While planning your estate, make sure you take the time to think about an AMD. It is a difficult issue that sometimes requires asking questions about end of life medical treatment and how your loved ones will react to those decisions. However, it will go a long way to giving you piece of mind.

Estate of the Month: Gary Coleman...make sure you update your Estate for Life Changing Events

On May 28th, Gary Coleman, the childhood star of "Different Stroke," died at a hospital in Provo, Utah, when he suffered a brain hemorrhage after falling at his home. Though he touched many Americans as a child actor, his life after "Different Strokes" was troubled, resulting in numerous lawsuits with his parents, fraud and fragile health. In fact, Coleman died almost penniless, but, given his previous fame, he certainly had potential to earn millions in royalties and licensing fees if marketed appropriately. Unfortunately, what has happened after his death and the decision to take him off of life support are unsettling.

Here is a quick background on Gary Coleman's estate. Coleman was married to Shannon Price in 2007 but subsequently was divorced in 2008. Price claims they lived together as common-law husband and wife, even after the divorce. (Click here for more information common-law marriages). After his death, Coleman's parent's attempted to open his estate for probate, stating there was no will and stopping Price from holding his funeral. However, Coleman's ex-manager, Dion Mial, came forward with a 1999 will naming him as the executor in charge. Another will appeared, executed in 2005, naming Coleman's female friend and former companion, Anna Gray, as the one to be in charge of his estate. Price alleges there was a handwritten codicil to the 2005 will, drafted in 2007, naming her as the executor and the beneficiary. Needless to say it is a giant mess, just staring down the barrel of years of estate litigation.
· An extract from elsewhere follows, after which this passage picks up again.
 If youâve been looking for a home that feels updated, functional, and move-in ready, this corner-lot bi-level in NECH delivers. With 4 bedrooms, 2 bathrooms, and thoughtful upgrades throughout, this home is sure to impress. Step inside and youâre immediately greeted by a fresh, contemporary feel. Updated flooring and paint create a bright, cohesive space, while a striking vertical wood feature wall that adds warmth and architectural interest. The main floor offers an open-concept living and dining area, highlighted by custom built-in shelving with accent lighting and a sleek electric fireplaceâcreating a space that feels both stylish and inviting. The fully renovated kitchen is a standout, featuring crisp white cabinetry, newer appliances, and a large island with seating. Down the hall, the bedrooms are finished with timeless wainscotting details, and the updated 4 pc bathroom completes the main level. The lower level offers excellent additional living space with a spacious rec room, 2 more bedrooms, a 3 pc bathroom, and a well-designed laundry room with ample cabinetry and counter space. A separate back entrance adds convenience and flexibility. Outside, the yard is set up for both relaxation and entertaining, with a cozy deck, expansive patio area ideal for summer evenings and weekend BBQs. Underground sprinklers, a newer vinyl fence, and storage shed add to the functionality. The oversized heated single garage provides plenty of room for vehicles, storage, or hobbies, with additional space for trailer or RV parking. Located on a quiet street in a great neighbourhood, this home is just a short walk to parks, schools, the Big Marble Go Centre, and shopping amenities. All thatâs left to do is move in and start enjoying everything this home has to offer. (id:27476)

The issue that I find interesting is Coleman's Advanced Medical Directive, or AMD. He appointed Price as his agent to act in his place with respect to his medical care, if he was unable during their marriage, but never updated it after their divorce. It was the AMD that allowed Price to terminate Coleman's life support one day after his fall. His AMD stated that he wanted "life to be prolonged as long as possible within the limits of generally accepted health care standards." Coleman's living will also demonstrated what medical treatment he wanted. In his living will, Coleman gave specific instructions to remain on life support for at least 15 days, if he ever fell into an irreversible coma.
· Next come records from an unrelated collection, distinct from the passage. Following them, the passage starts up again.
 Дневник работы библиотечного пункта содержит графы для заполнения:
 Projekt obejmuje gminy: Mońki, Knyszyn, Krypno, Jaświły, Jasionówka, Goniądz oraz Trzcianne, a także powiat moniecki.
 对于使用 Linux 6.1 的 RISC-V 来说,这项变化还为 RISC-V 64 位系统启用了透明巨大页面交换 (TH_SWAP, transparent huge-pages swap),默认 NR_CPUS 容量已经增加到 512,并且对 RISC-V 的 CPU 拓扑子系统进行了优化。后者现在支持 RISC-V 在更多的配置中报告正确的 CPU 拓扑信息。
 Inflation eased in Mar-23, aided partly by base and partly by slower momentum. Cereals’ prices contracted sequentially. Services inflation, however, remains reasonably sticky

I do not know the specifics of Coleman's condition at his death, but you could argue that Price terminated Coleman's life support much earlier than Coleman wanted. The 15-day waiting period instruction can be overcome if remaining on life support is deemed fruitless, but only a family member could force the issue. Price's "tenuous" relationship to Coleman would make it unlikely she would be considered a "family member.". Maybe everyone acted with Coleman's best interest, but given the amount of money at stake, the ex-wife making end of life decisions just creates a level of suspicion in my mind…or maybe I have seen too many movies.
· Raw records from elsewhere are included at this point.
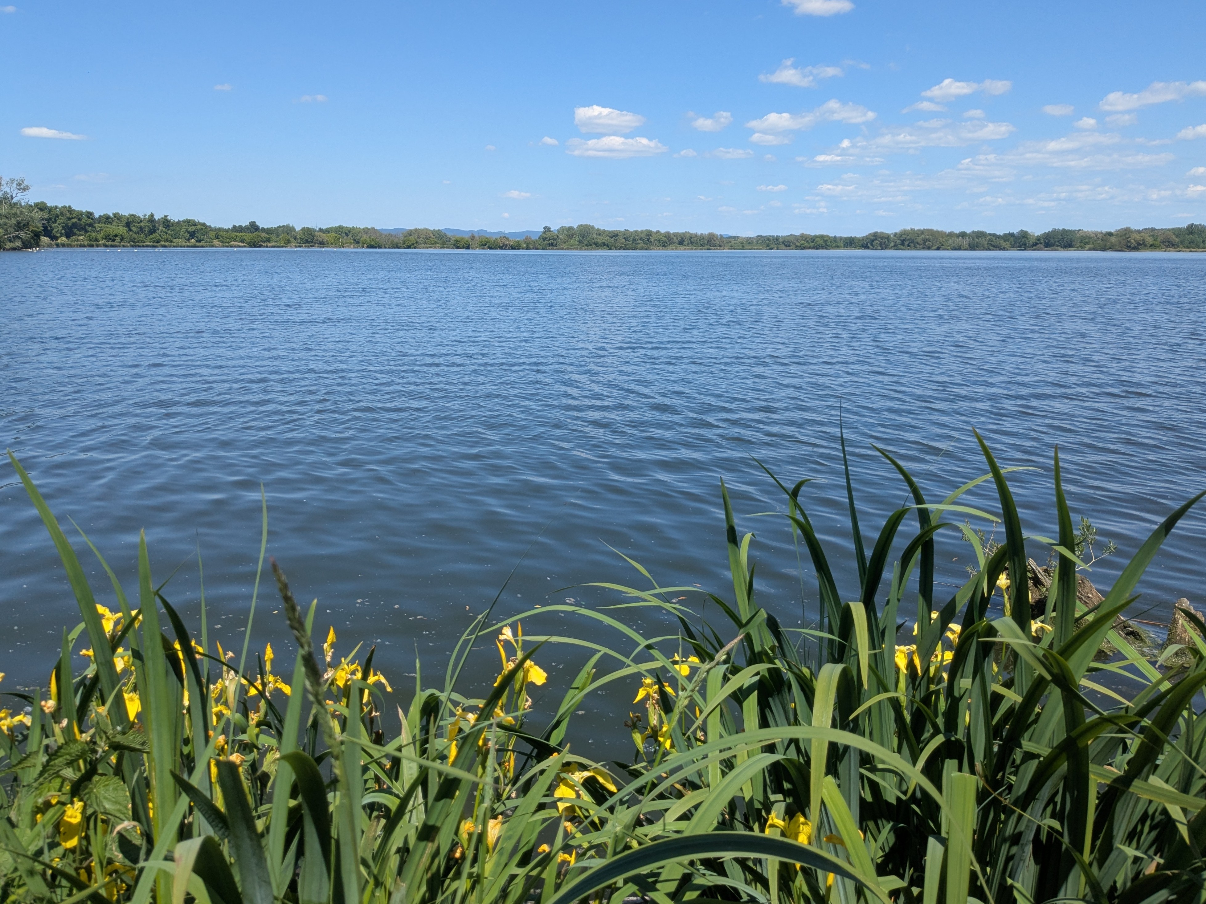 Vodní plocha v České Kanadě, částečně obklopená chatami, vhodná ke koupání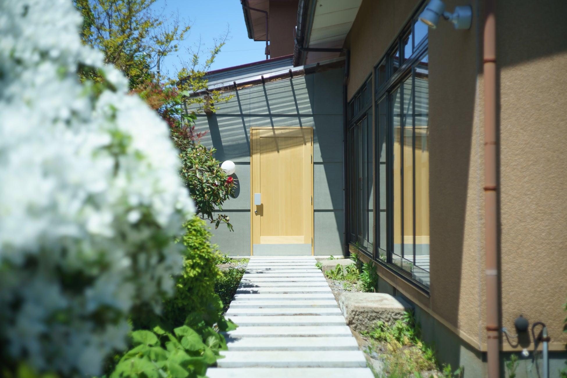 「朝市通り」の小路に現れる「市とコージ」。かつて朝市を訪れる旅人を迎え、地域の名士が集う社交場としても親しまれた旅館跡地に立つ古民家を、五城目に縁あるクリエイターチームとともに再生しました。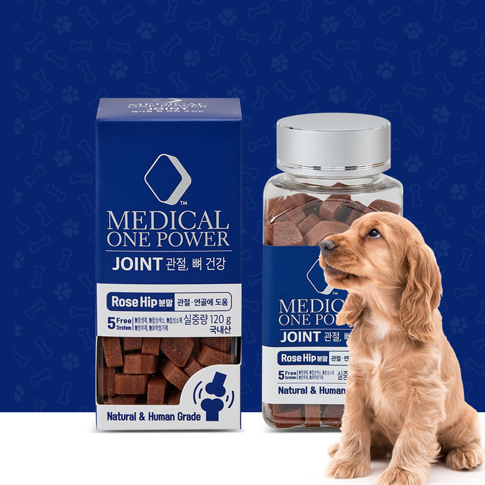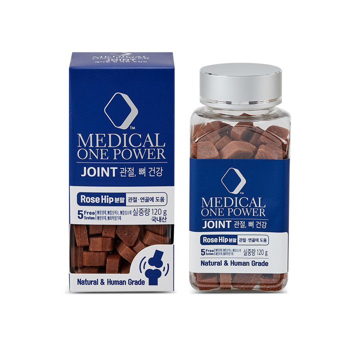 메디컬 원파워 조인트(MEDICAL ONE POWER JOINT)는 반련 동물의 관절과 연골 건강을 위해 국내최초로 특수 공법으로 제조된 덴마크산 유기농 로즈힙(GOPO)분말을 트릿에 담았다. 로즈힙 분말은 칼슘 함량이 우유보다 3배, 비타민C 함량은 오렌지보다 9배이상 함유되어 있으며, 천연항염, 항산화 성분이 풍부해 연골염증 억제 및 관절,류마티스 통증 완화에 크게 도움을 준다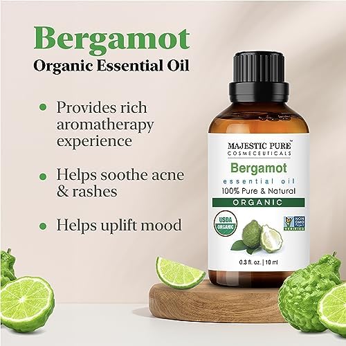 Majestic Pure USDA Organic Bergamot Essential Oil for Diffuser | 100% Organic Bergamot Oil | for Skin, Aromatherapy, Fragrance | 0.33 fl oz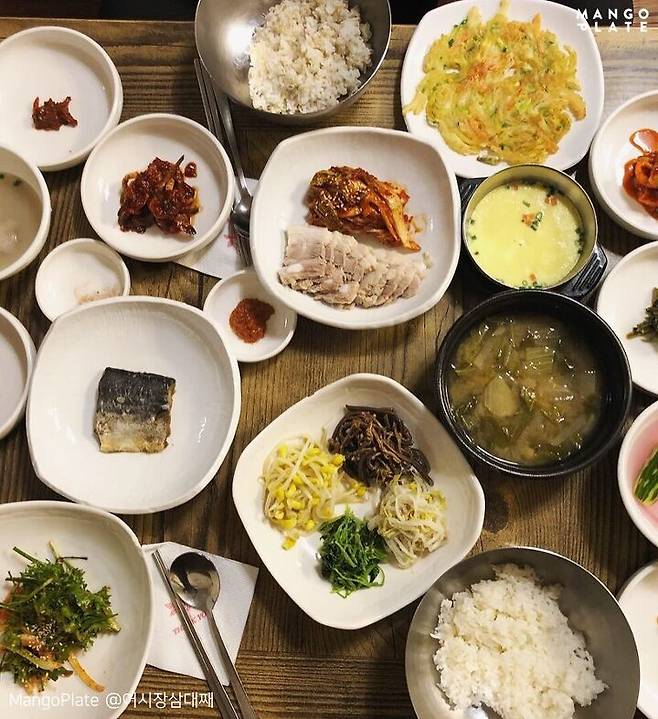 기본찬으로 소불고기가 제공되고 여기에 계란찜, 나물, 생선구이, 보쌈 등등! 나물을 밥 위에 덜어 고추장과 참기름을 넣어 맛있게 비벼 드시면 된답니다. 여행 중 든든한 백반 정식이 먹고 싶을 때, 벽오동도 좋은 선택지가 될 거 같네요!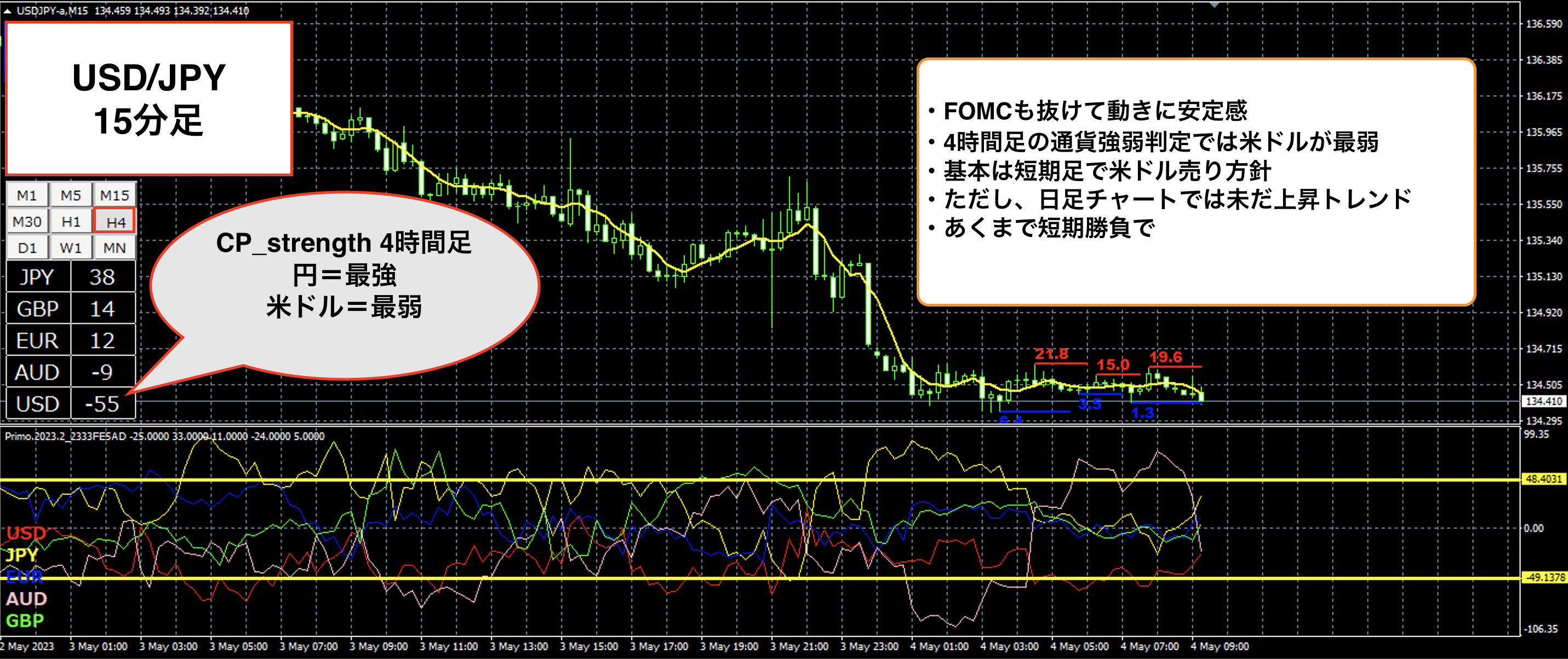 4時間足で米ドルが最弱、円が最強となっています。

Coleman should have made sure his estate planning documents, durable powers of attorney, and his AMD's were all up-to-date when living changing events occurred, including getting married, getting divorced, having children or major financial occurrences arising. Also, he should have had any old estate planning documents destroyed. That would have stopped the opening of his estate by his parents and the appearance of mysterious wills from out of nowhere trying to make claims on his estate. He should also have had conversations with those around him ensuring they knew what steps should be taken at the end of his life to meet his wishes. It looks like his death, and events after his death, will mirror his life…troubled by disconcerting actions by those around him.